Entrábamos a la sala y a la izquierda había un engendro que te daba cambio,
metías tu propina, la moneda de cien pesetas, y te daba cuatro monedas de
veinticinco para jugar en las máquinas; era una novedad, algo que habían puesto
los tenderos para tratar menos con los niños. Probábamos las máquinas nuevas,
las que no había en nuestro barrio, y la última moneda era para el pinball,
siempre para el pinball. Ahí la bola metálica siempre abría las puertas
correctas y pisaba las luces en el orden adecuado, se acumulaban los créditos,
3, 5, 8… y cuando me cansaba de jugar le vendía la partida a algún niño que
estuviera mirando, por cincuenta pesetas. Ese fue mi primer trabajo, jugar al
pinball para vender la partida y con los beneficios comprar gublins.
Las máquinas estaban muy bien, pero no eran una tirolina.
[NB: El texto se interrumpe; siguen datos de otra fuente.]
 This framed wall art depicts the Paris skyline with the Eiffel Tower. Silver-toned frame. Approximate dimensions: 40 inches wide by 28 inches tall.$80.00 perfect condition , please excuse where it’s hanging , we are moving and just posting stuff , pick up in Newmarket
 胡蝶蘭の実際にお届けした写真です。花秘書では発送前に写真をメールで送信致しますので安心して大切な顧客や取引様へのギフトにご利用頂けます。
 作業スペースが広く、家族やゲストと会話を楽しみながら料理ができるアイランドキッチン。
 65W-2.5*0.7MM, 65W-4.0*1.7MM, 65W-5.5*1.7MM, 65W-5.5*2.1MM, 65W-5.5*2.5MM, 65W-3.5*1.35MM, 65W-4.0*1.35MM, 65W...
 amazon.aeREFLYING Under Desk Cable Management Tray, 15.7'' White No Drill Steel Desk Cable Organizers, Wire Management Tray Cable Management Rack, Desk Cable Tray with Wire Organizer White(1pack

Salíamos de la sala y en el siguiente cruce, que ese sí era siempre un
subterráneo, volvíamos a nuestro lado de las vías y nos sentíamos como quien
aterriza en el aeropuerto a la vuelta de las vacaciones. El cruce estaba a la
altura de otro parque, un parque de sombras con árboles frondosos, un circuito
para bicis que esquivaba un arroyo y se doblaba sobre un puentecito, con
fuentes y jeringuillas. Cerca de los parques hay siempre un olor, así se ordena
la memoria, antes del primero había un taller y después del segundo estaba la
churrería que, como era por la tarde, olía a castañas y a fritura de patatas.
Luego una calle curva de las que te hacen preguntarte por qué hay calles
curvas, si sería más fácil hacer las calles rectas, pero me gustan las calles
curvas, y de ahí a la última avenida antes del parque de la tirolina. Edificios
nuevos y gente vieja, pero cuando eres niño todos son viejos. Al fondo la
gasolinera y una carretera interminable y a la derecha, por fin, la explanada
de tierra, tres columpios, una montaña de cuerdas rojas con huesos de metal que
llamábamos «la telaraña» y, por supuesto, nuestra tirolina.
Tenía unos treinta metros de lado a lado, la cuerda también
roja y el asiento negro, de plástico duro pero no tanto como para no estar
roto. Mi vecino y yo corríamos hasta ella y nos tirábamos diez o doce veces
cada uno, antes de volver a casa.
Años después, algunos historiadores locales excavaron aquel
parque porque descubrieron que bajo su tierra había una fosa común de la
guerra, y ahora no puedo recordar mi infancia sin pensar en la muerte.